Assignment
Would you please repeat exactly the entries below, starting at the line with "Product/Part Colors 1: white, orange" and ending at the line with "Рабочую поверхность присыпать", and nothing outside that range? Leave out the pictures.

Source data
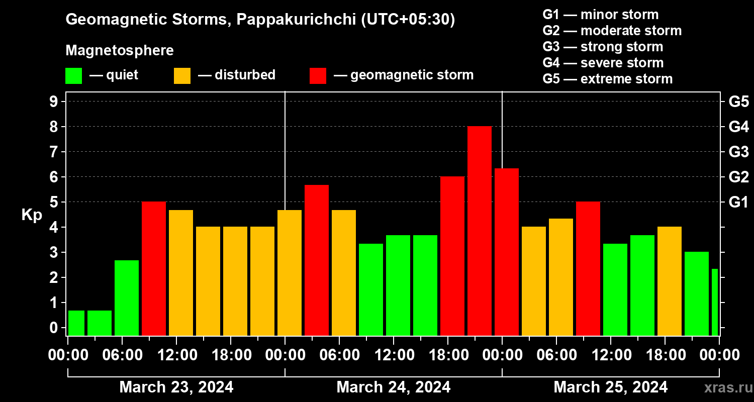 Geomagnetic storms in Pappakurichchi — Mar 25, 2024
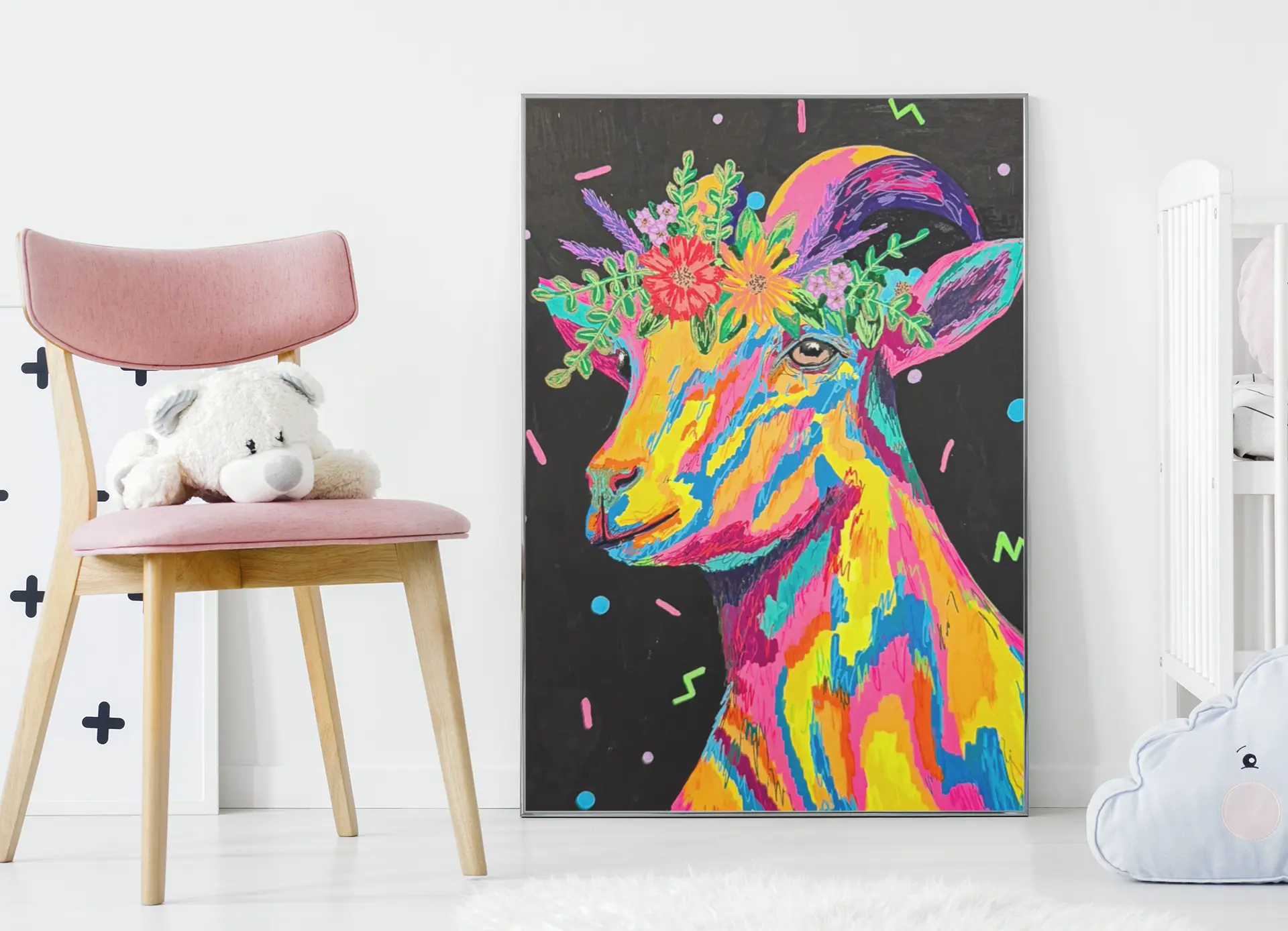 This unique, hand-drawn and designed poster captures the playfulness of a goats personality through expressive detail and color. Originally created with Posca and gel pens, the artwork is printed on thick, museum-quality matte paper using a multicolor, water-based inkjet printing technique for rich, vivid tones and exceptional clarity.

...

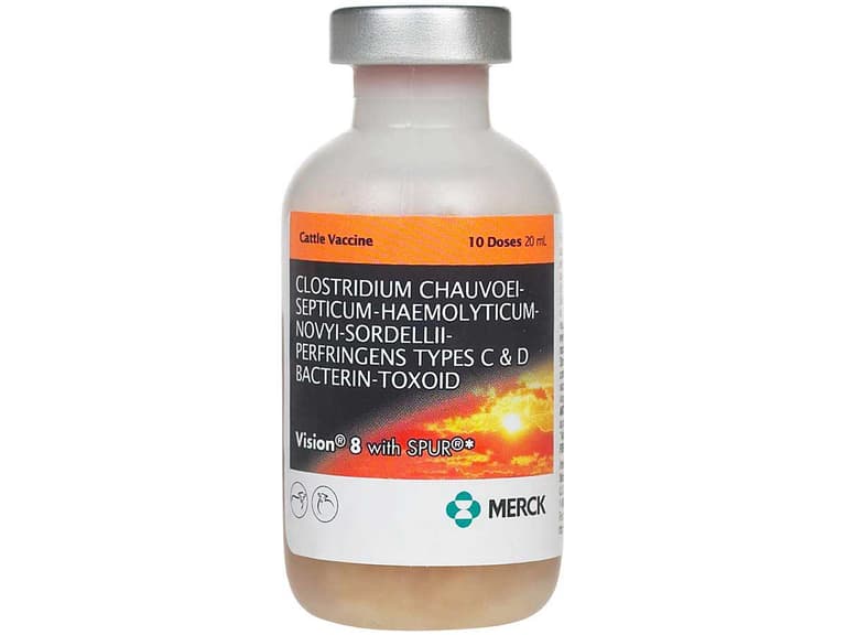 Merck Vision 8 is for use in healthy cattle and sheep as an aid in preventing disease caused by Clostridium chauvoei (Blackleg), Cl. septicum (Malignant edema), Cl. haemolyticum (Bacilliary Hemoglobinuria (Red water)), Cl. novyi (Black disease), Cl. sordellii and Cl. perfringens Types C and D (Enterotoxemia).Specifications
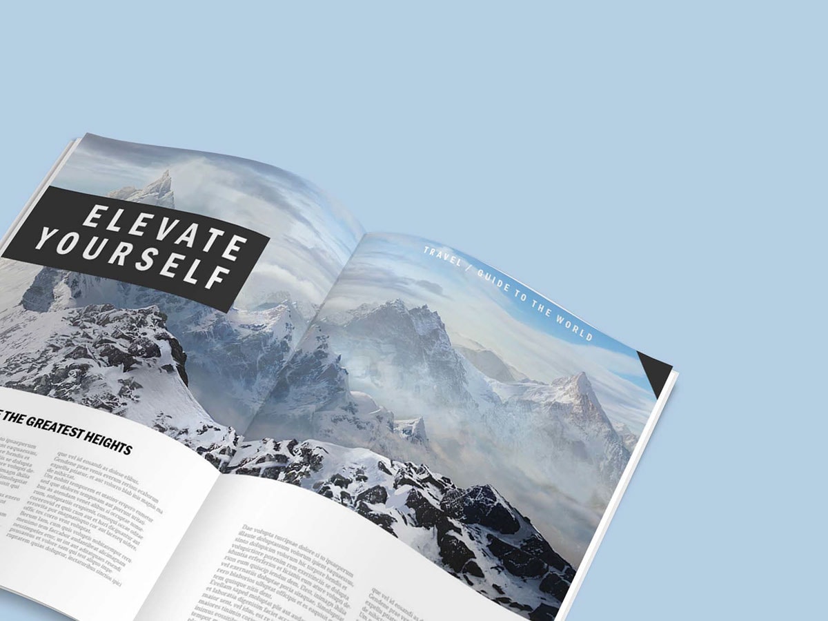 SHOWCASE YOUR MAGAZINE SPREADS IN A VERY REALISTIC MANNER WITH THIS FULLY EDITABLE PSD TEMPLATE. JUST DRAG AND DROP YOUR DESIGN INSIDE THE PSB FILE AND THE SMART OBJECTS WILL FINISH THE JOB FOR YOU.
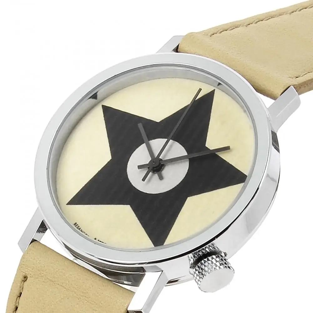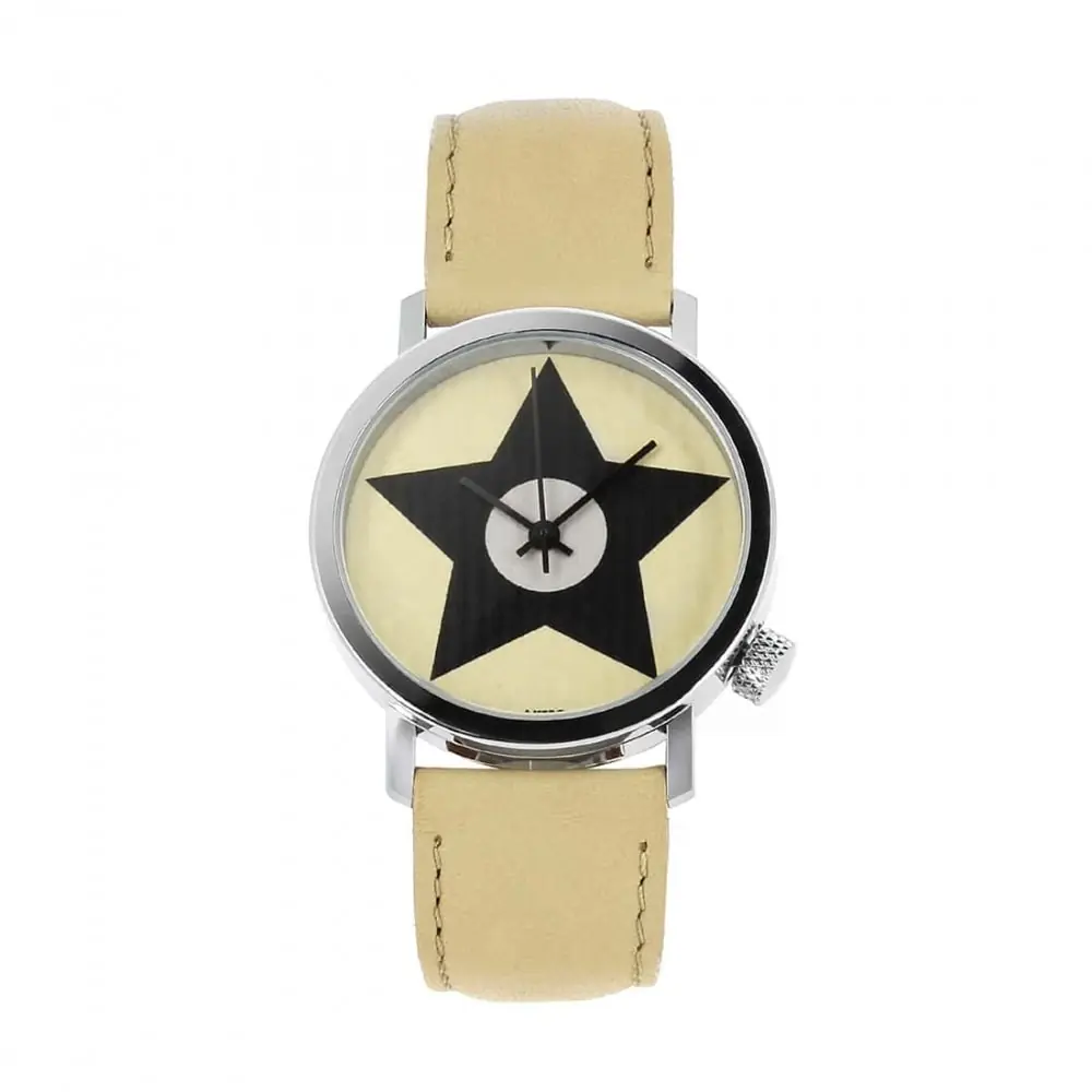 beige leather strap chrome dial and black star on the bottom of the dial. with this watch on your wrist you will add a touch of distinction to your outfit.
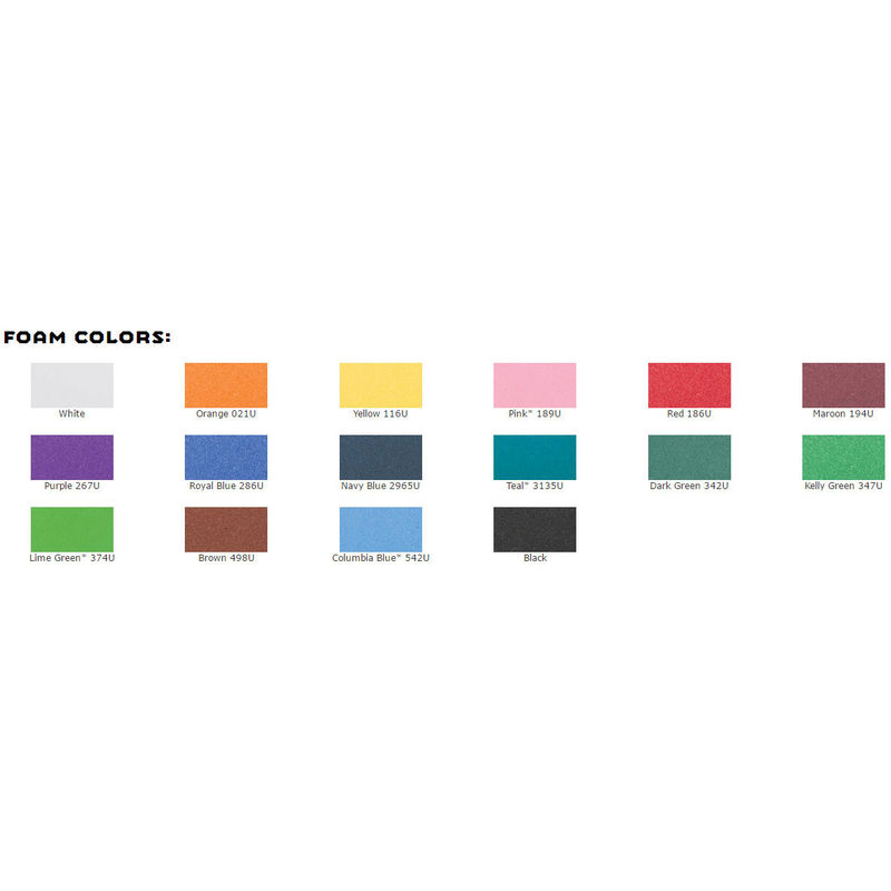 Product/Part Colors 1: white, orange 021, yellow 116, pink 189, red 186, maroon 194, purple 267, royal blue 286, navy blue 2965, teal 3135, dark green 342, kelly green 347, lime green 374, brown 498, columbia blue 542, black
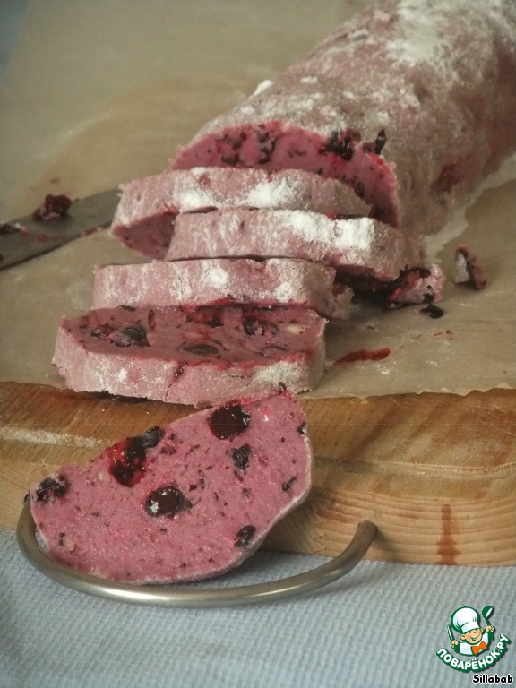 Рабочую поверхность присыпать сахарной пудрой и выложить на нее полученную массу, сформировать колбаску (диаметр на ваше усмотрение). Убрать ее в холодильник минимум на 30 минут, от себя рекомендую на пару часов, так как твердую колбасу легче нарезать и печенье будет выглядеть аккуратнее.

...

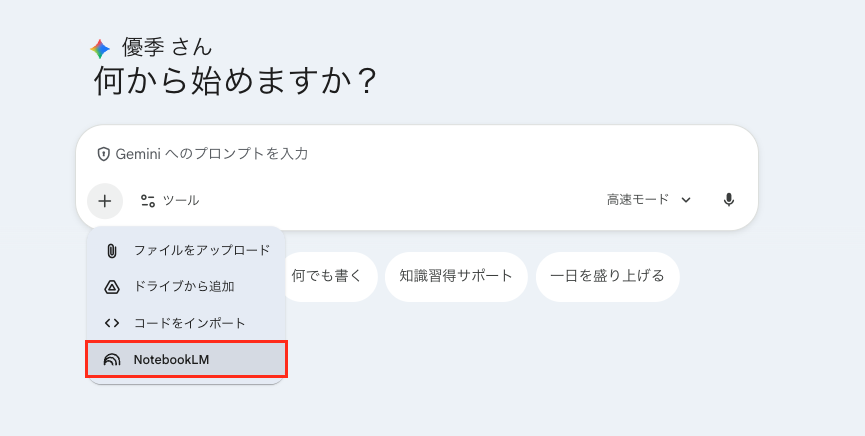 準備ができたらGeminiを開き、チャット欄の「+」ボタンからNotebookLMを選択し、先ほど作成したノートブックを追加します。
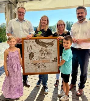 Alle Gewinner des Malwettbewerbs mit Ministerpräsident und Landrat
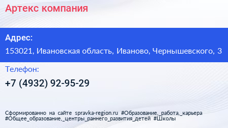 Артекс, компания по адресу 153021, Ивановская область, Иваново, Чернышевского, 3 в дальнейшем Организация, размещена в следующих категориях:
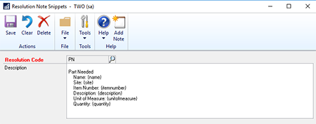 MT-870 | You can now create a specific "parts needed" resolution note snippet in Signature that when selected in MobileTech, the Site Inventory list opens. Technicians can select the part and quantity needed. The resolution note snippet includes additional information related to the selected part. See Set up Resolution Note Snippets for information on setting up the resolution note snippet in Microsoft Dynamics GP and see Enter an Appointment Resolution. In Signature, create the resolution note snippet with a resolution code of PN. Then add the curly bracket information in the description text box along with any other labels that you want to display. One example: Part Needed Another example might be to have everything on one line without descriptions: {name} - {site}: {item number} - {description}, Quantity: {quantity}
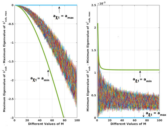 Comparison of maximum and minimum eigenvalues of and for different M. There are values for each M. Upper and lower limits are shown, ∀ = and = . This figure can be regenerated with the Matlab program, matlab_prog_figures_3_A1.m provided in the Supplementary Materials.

Task answer
 Product/Part Colors 1: white, orange 021, yellow 116, pink 189, red 186, maroon 194, purple 267, royal blue 286, navy blue 2965, teal 3135, dark green 342, kelly green 347, lime green 374, brown 498, columbia blue 542, black
 Рабочую поверхность присыпать сахарной пудрой и выложить на нее полученную массу, сформировать колбаску (диаметр на ваше усмотрение). Убрать ее в холодильник минимум на 30 минут, от себя рекомендую на пару часов, так как твердую колбасу легче нарезать и печенье будет выглядеть аккуратнее.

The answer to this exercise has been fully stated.